Related Work & Insights¶
- vs Bordelon & Pehlevan (2024): They only analyzed gradient flow, whereas ours covers SGD with any LRS.
- vs Sorscher et al. (2024) / Paquette et al.: They analyzed constant-LRS SGD, whereas ours unifies and extends it.
- vs Lin et al. (2024): They analyzed exponential decay LRS, whereas ours further covers WSD.

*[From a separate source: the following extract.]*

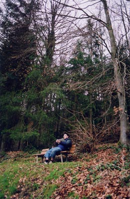 我們原打算上雪山看風景,可惜那天風大,登山吊車暫停服務,便改到半山的樹林走走。小克、德和我後來停下來寫生。開始天氣還好,愈來愈冷,開始下微雨。

- vs Tissue et al. (2024): They proposed empirical MPL models, whereas ours provides theoretical explanations.
Rating¶
- Novelty: ⭐⭐⭐⭐⭐ The concept of intrinsic time and the FSL framework are significant theoretical innovations, unifying scattered prior work.
- Experimental Thoroughness: ⭐⭐⭐⭐ Numerical validation on kernel regression is thorough, and LLM experiments (0.1B-1B) enhance practical relevance.
- Writing Quality: ⭐⭐⭐⭐⭐ The physical interpretation of each term in the FSL is exceptionally clear, building an excellent bridge between theory and practice.
- Value: ⭐⭐⭐⭐⭐ It provides a solid theoretical foundation for understanding and designing LLM learning rate schedules.